This past weekend we went on a senior high retreat to the Parsons’ cabin. The Parsons’ cabin has become a yearly staple in our student ministry calendar. It is a small, simple cabin that God has used over the past thirteen years to do some great work in me and the students that have attended those retreats. This past weekend was no exception — God was at work. He prepared a lesson in me that was just right for the group we had going. Our topic of conversation was legalism, licentiousness, and liberty.

As someone who grew up in the church, legalism is a pitfall I can fall into. Legalism is where we create rules that God doesn’t hold us to and we expect others to adhere to those rules. If others don’t hold to those rules, then we judge them. That’s what the Pharisees did in Scripture. They would create laws that they expected everyone to follow, and if someone didn’t follow them, they were less spiritual than they should be.
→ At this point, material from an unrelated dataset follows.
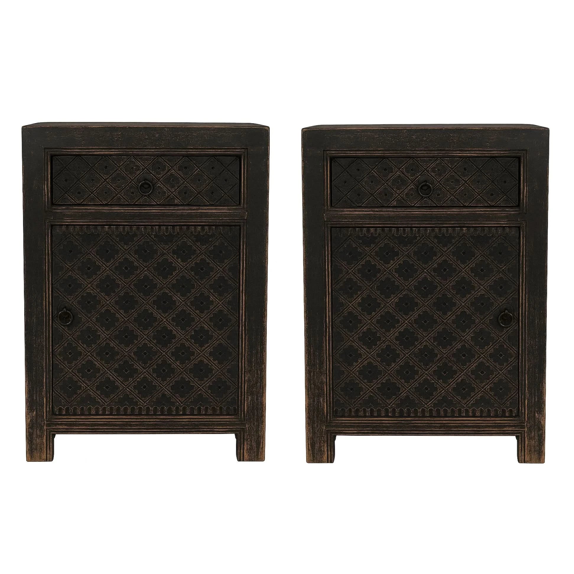 MAYLEEN PAIR OF RECLAIMED TIMBER BEDSIDE TABLES 1 DRAWER 1 DOOR BLACK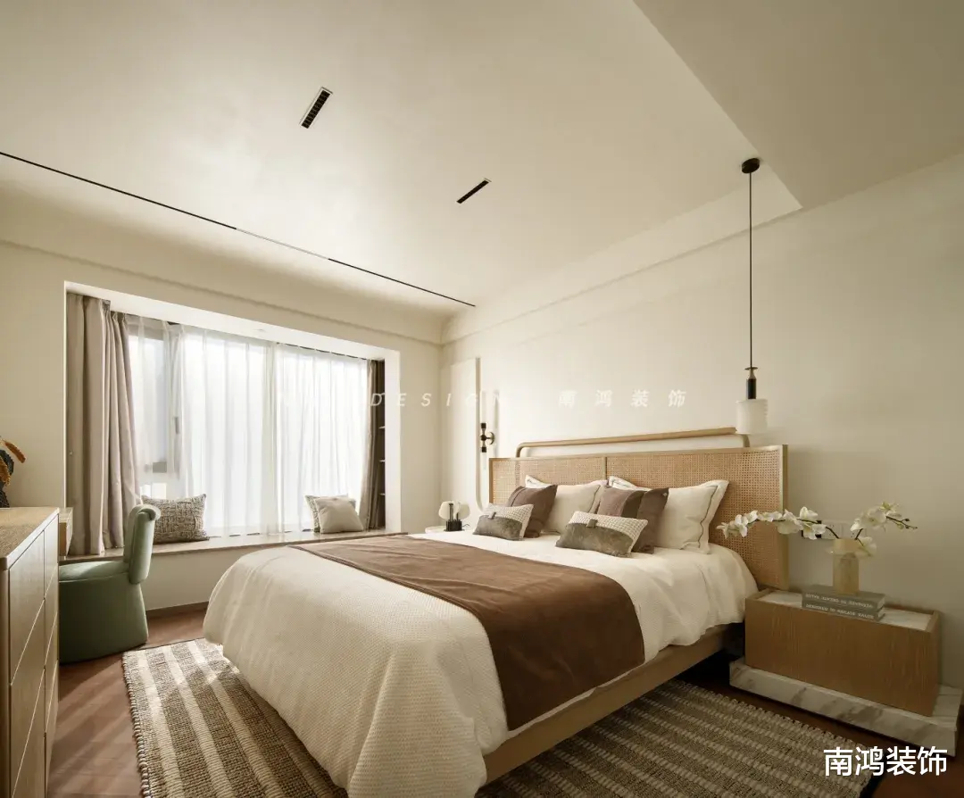 木系与藤编元素交织在一起,为空间注入充盈的自然呼吸感。背景墙留白,并以简洁又具有艺术感的造型勾勒灵动的立体光影,令这方安静的睡眠地,可以时刻与生活之美相拥。

Licentiousness is where we create a moral law for ourselves apart from God, and we live by it. There is no expectation of others except, as long as they allow us to live as we want. This is a huge problem in our culture today. We become god and set our own standards. As believers, we have to pay careful attention to make sure this doesn’t sink into our way of life. It is easy to fall into, but we have to fight the urge to be king over our life.

Legalism and licentiousness are two ends to the spectrum, and both lead to bondage. Legalism sets up rules for everyone, licentiousness sets up rules for self and no one else. Legalism says it is a sin to listen to certain types of music. Licentiousness says I can listen to whatever I want, because I want to. Legalism says it is a sin to date. Licentiousness says that I can date whomever I want, when I want. Legalism says that everyone should only eat certain foods. Licentiousness says I can eat whatever I want, it doesn’t hurt anyone else.

Then there is liberty. Liberty is freedom. We understand that because of the country we live in. Yet how I define liberty as a believer is understanding the freedom we have in Christ, but living out of love and not our rights. Liberty filters every decision through a screen of, “How will what I am doing bring glory and honor to Christ?” Its focus is on loving God and loving others. Its focus in not on rules or rights. When legalism says it is a sin to listen to certain music and licentiousness says I can listen to whatever I want, it doesn’t affect me. Liberty says, “How does this music bring glory and honor to Christ?”

This is the conversation we had last weekend with high school students. It was a fun conversation, but also led to some great dialogue and self-reflection. How am I living? Am I living in liberty, where I seek to live out of love, or am I being legalistic or licentious? The hard thing about this question is that it is not a one-time thought, but it’s a constant evaluation of every decision. As a passionate follower of Christ, I need to seek to live out of liberty. I need to seek to live out of love, asking the question, “How is what I am doing bringing glory and honor to Jesus?” It’s what our students were challenged with last weekend, and it’s what I am challenged with every day.